A Wednesday morning, 8 a.m., Capital Beltway near the Van Dorn Street exit. Larry Jaffe of Herndon glances at the car in the lane beside him, as Beltway veterans will (and should). Suddenly, at superhighway speeds, a potential disaster:
The hood of the car beside Larry's flies open and smacks flat against the windshield. As Larry watches, helpless and horrified, the driver puts on his right-hand blinker and wrestles the car slowly, smoothly and safely from the middle right-hand lane onto the right shoulder.
"I don't know who it was," Larry writes, "but that driver deserves recognition for his or her skill and poise."
Amen to that, Larry -- from One Who Knows.
The same thing happened to me about 20 years ago on a rural, two-lane road in Massachusetts. Your first instinct is to stamp on the brake and stop as fast as you can. That happened to work in my case, but only because I was lucky enough not to have anyone following me. I wouldn't want to try it on the Beltway.
What do experts advise? Mary Ann Reynolds of the American Automobile Association says Larry's Beltwaymate did exactly the right thing.
"Slow down and use your side-view mirrors to pull over onto the shoulder," Mary Ann advises. "Be calm and use common sense."
You might also check the clasp on your hood from time to time. I called a couple of garages, and they tell me that they can sometimes spot a fraying or bent hood clasp that's about to go sproinnnnnnnng. Worth the time and the expense.
If you happened to ask our circulation department what drives them craziest -- and I have -- they'd answer: "Thefts."
In many high-rise apartments around the area -- and in several neighborhoods of single-family homes, too -- The Post no sooner lands on a doorstep than it's stolen by some light-fingered cheapskate.
Many countermeasures have been tried over the years. None work for very long, if at all. But if Post Pilferage happens to you, you might copy what a friend in Woodley Park tried last month.
His paper had disappeared daily, for several weeks in a row. In fact, the thief was so brazen that he apparently lay in wait for the delivery truck. My friend proved this in agonizing fashion one morning at about 5:30.

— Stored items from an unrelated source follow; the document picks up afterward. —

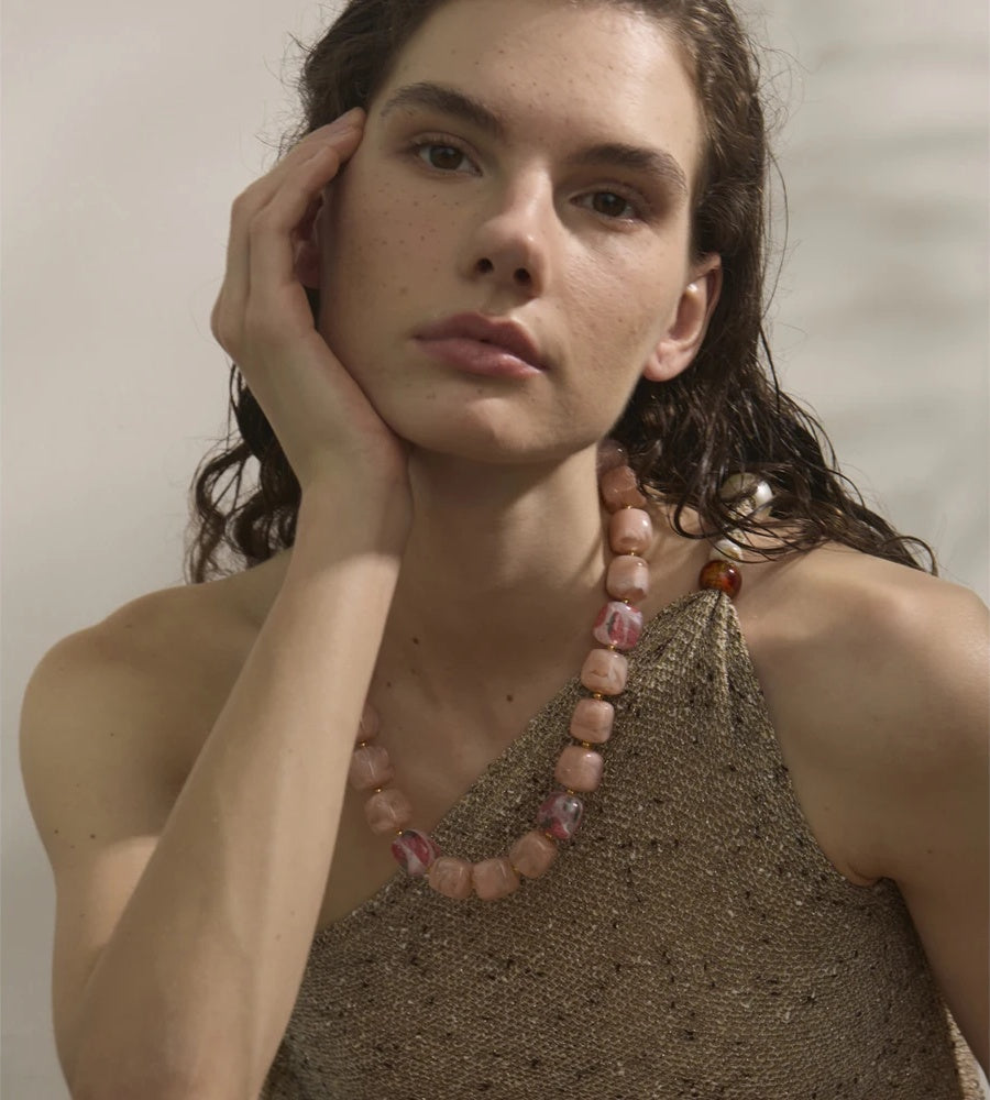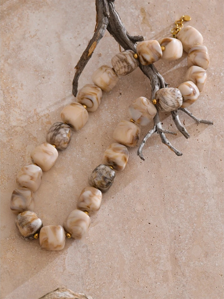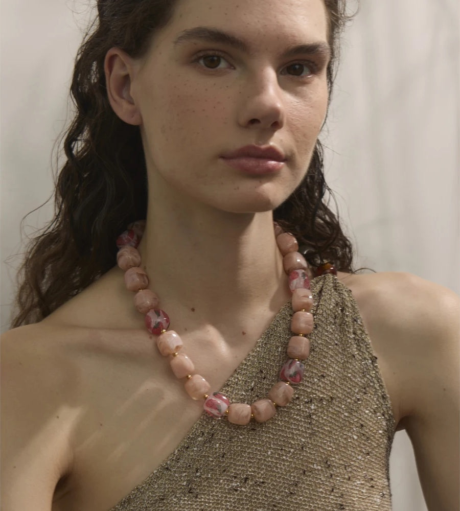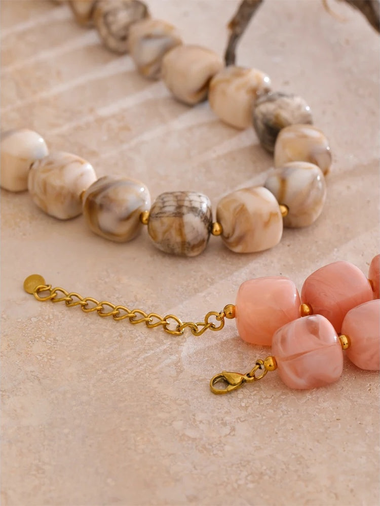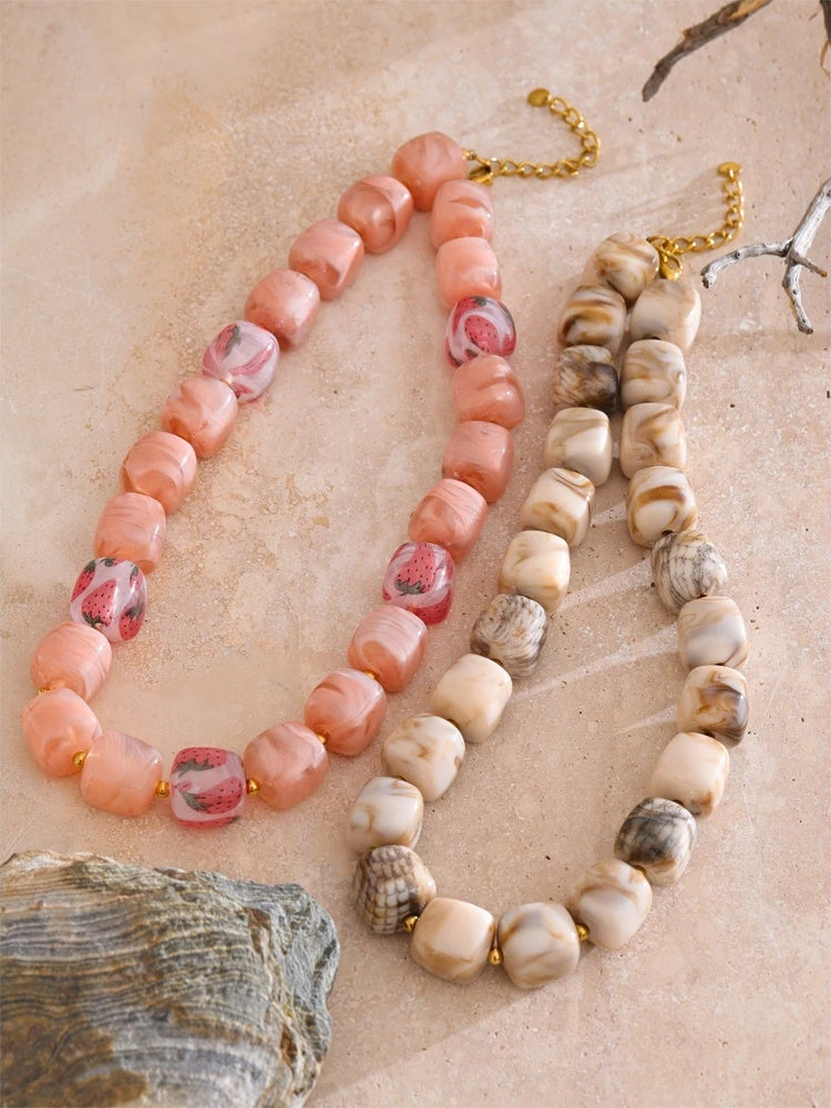 Crafted from acrylic beads with a square shape, this necklace features a blend of soft pink hues and delicate strawberry patterns for a playful yet stylish look. The chain is finished with a PVD real gold plating on stainless steel hardware, adding a subtle shine and durability. Designed to be waterproof, it is ideal for party wear and daily use without worrying about damage. Adjustable length ensures a comfortable fit, making it a versatile accessory for a trendy fashion statement.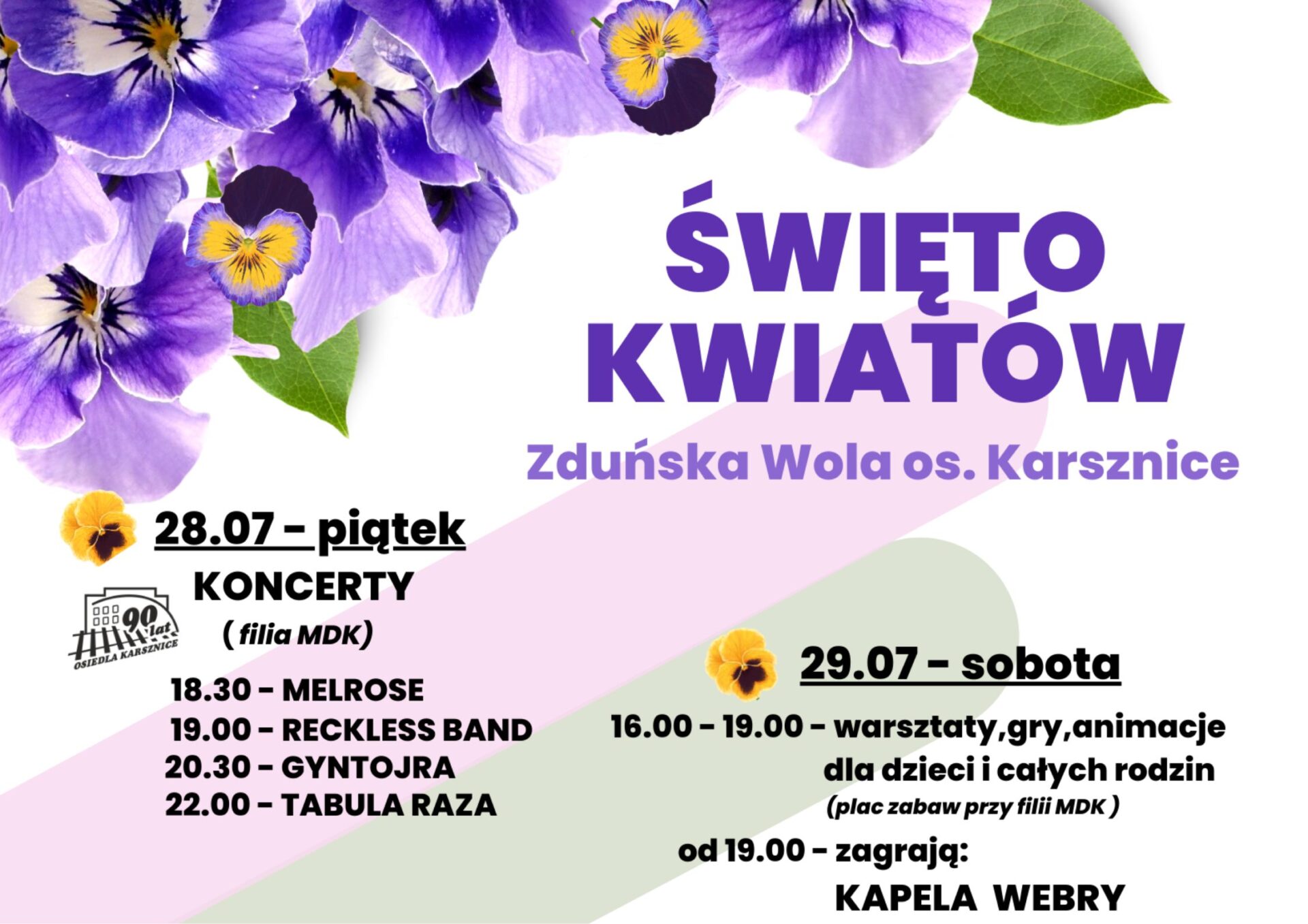 Świętować zaczniemy już wcześniej, w piątek, 28 lipca. W sali widowiskowej filii MDK wystąpią zespoły rockowe: TABULA RAZA, GINTOJRA i RECKLESS BAND oraz MELROSE, zespół trap/rapowy newgenowy. Fanów tego rodzaju muzyki zapraszamy od godz. 19.00. Koncert związany jest z jubileuszem 90-lecia osiedla Karsznice .
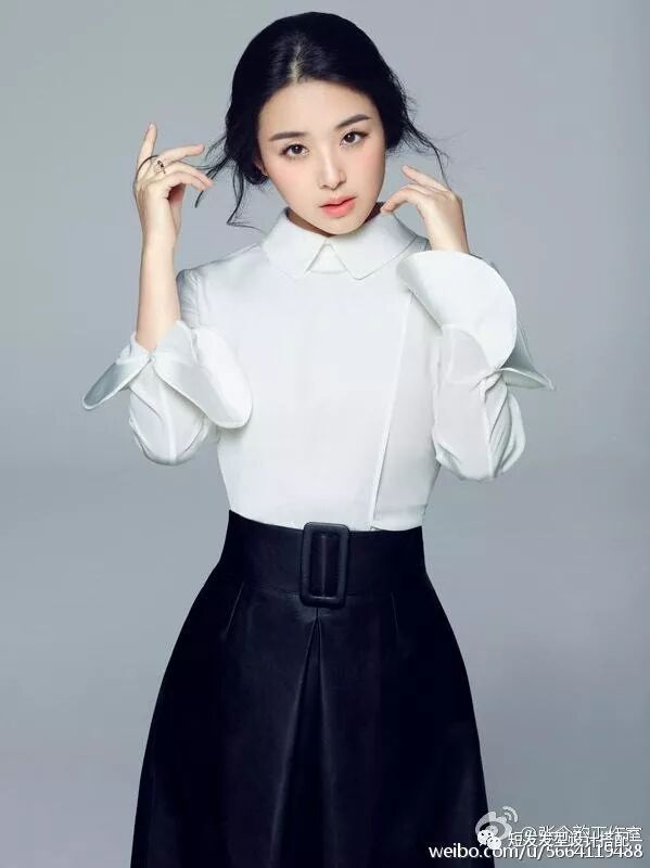 笑得那么甜,不知道是不是吃到什么好吃的了?白色T恤搭配黑色裙子,青春洋溢,刚好在膝盖上方一点的长度显得腿特别长,白T恤上的线条给人衬衫的错觉,也是非常的独特了,主要是将长卷发往后扎起一缕,减龄又清爽,轻熟女风格立马就活力满满,变身一个18岁少女。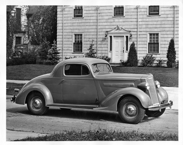 8x10 black and white Packard Co. file photograph of a 1936 Packard seven-eights right side view, parked on street in front of house. Inscribed on photo back: Packard one twenty, fourteenth series, model 120-B, 8-cylinder, 120-horsepower, 120-inch wheelbase, 2-person business coupe (body type #998).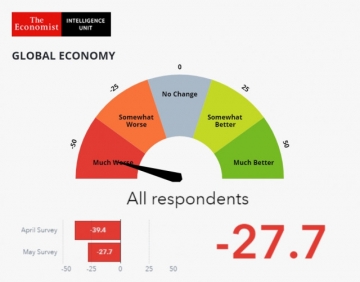 2차 글로벌 비즈니스 바로미터: 전 세계 경영진들은 평균 -27.7점의 수치로 향후 3개월간 세계 경제에 대해 여전히 부정적으로 전망했다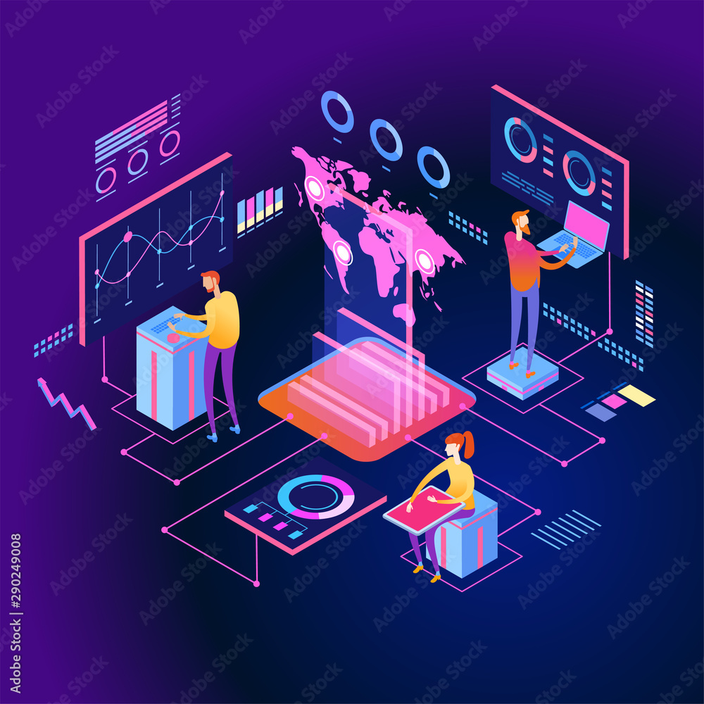 Wall mural people interacting with graphs and papers. workflow and business management. 3d vector isometric ill - Wall murals Wall mural people interacting with graphs and papers. workflow and business management. 3d vector isometric ill - Wall murals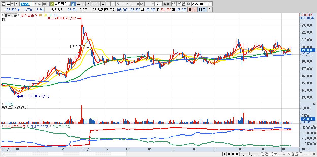 - 셀트리온 (195,800원 ▼ -2.34% , 시총: 424,927억, 거래량: 623,823, 거래대금:1,234억)
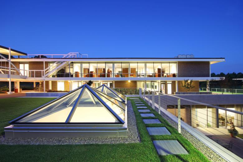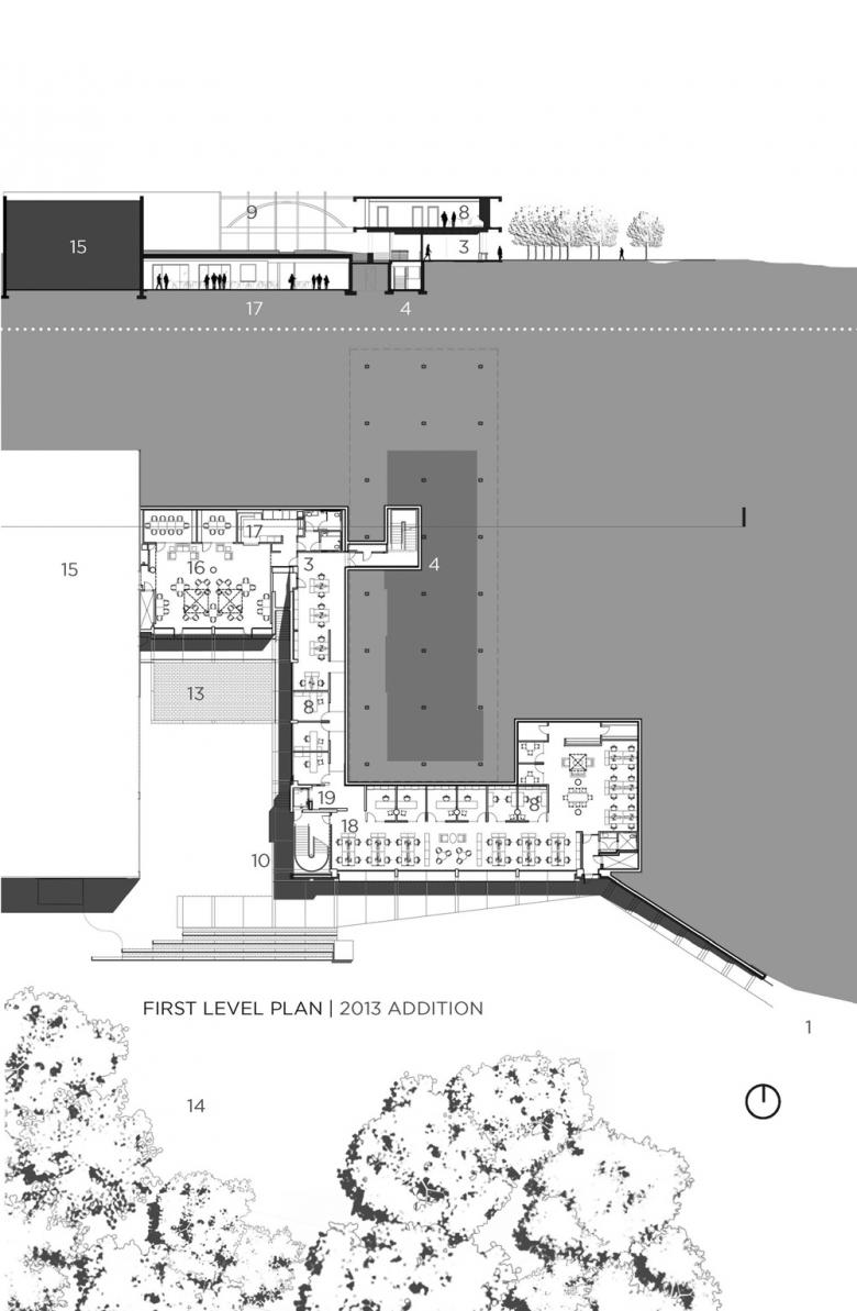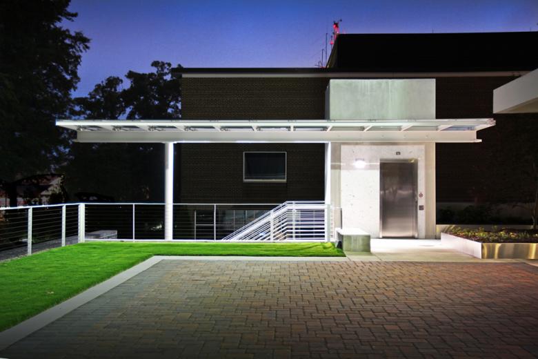 To preserve WRAL Gardens and the significant open space amenity it offers area residents, the new addition was positioned tight against the original Milton Small Building at the elevation of its underlying foundations. The addition is therefore partially underground, a design strategy that minimizes its visual and physical impact on the Small Building and adjoining gardens, and preserves views to the garden from the campus's public interior and exterior spaces. The below grade position of the new addition and its covering with a landscaped "green" roof also minimizes the addition's heating and cooling loads, resulting in appreciable energy savings.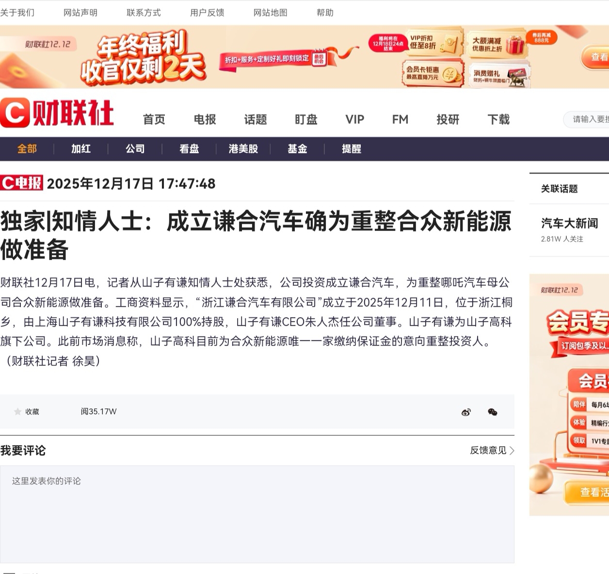 又是财联社,9.27就是财联社透露,山子高科为合众破产重整唯一意向者,直接逆转趋
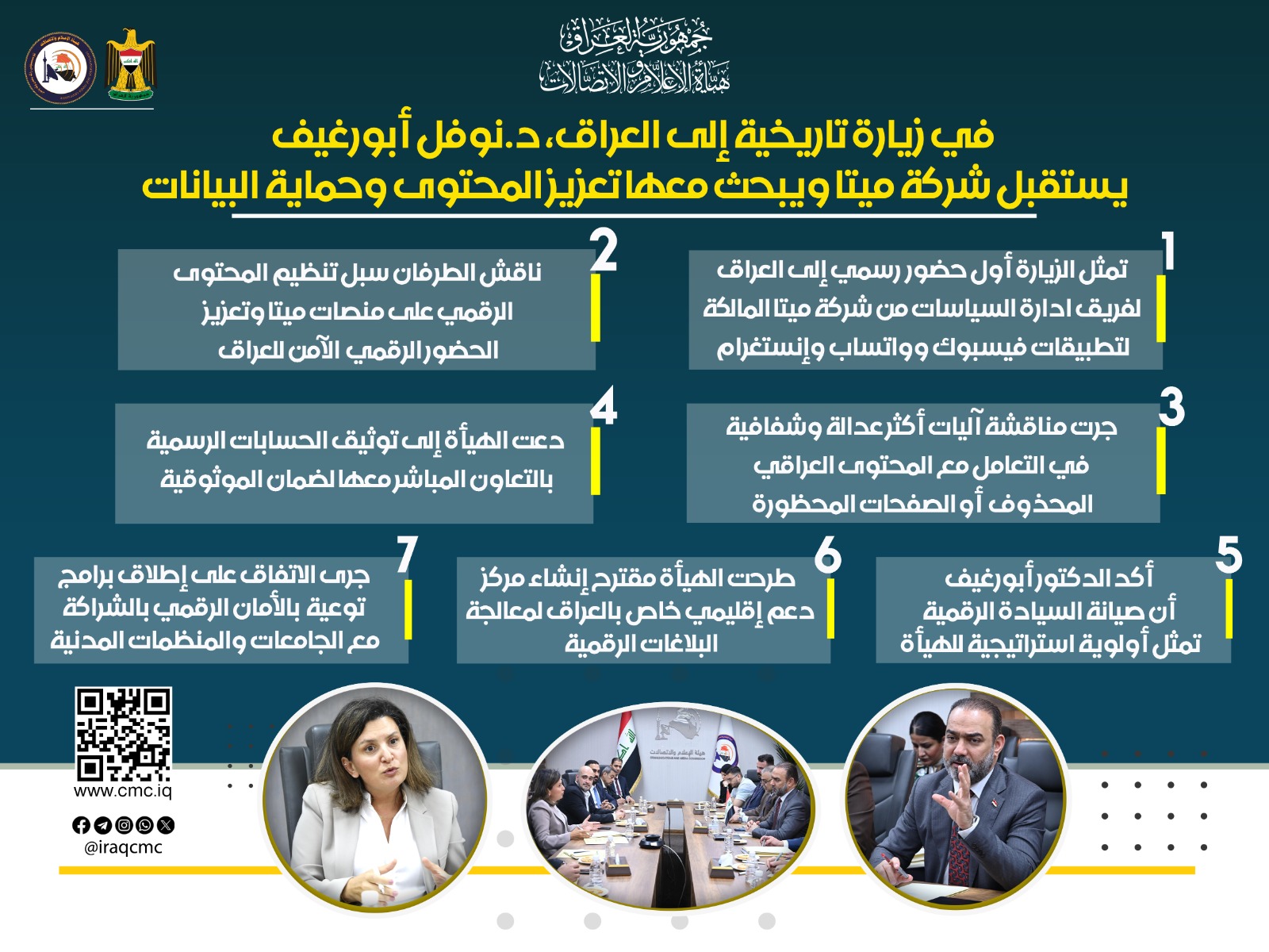 إنفوغراف: تنظيم المحتوى وتعزيز السيادة الرقمية يتصدران مباحثات رئيس هيأة الإعلام د.نوفل أبورغيف مع وفد “ميتا” المالكة لمنصات واتساب وفيسبوك وإنستغرام

He was lying in bed when he heard the paper hit his doorstep. He leapt out of bed, threw on a pair of jeans, ran downstairs and opened the door. In those 20 seconds, the thief had already struck.
Finally, in desperation, my friend left a sign on the front porch. It read:
IF YOU KEEP STEALING MY PAPER, I'LL CANCEL MY SUBSCRIPTION.
The thief hasn't been back since.
Good point from a man whose wife is blind, and relies on a guide dog.
People in shopping malls will often come up to the dog and pet him, the man says. They only mean to be friendly. But in fact, they're doing harm.
Petting a guide dog repeatedly can undo his training, the man says. Next time you see a blind person's dog, remember the old adage: look but don't touch.
Write it down. 10 a.m., July 10, Room 114, District Building, 14th and E streets NW.
There and then, City Councilwoman Nadine Winter will hold a "public roundtable" on Bill 6-213. That measure, now before Winter's public works committee, would restrict smoking in D.C. workplaces to designated areas only.
I've been beating the drum for this bill for the last few weeks. But the real political battle will begin in front of Winter one week from the day you read this.
If you think D.C. nonsmokers have just as firm a right to clean air as D.C. smokers do to smoke, please testify. Call Linda Malloy at 724-8064 by close of business July 8 to register.
You gotta like Bruce Johnson's solution to the age-old problem of nonhandicapped drivers parking in handicapped-only spaces.
Bruce says they ought to erect a sign that says:
IF YOU AREN'T HANDICAPPED WHEN YOU PARK HERE, YOU WILL BE WHEN YOU LEAVE!
And finally, Glenn Justema of Clinton saw a girl-watcher's dream at a red light in Marlow Heights the other day.
The car stopped in the left lane had tags that read: IAM A10.
The tags on the car in the very next lane said: DOUBLE.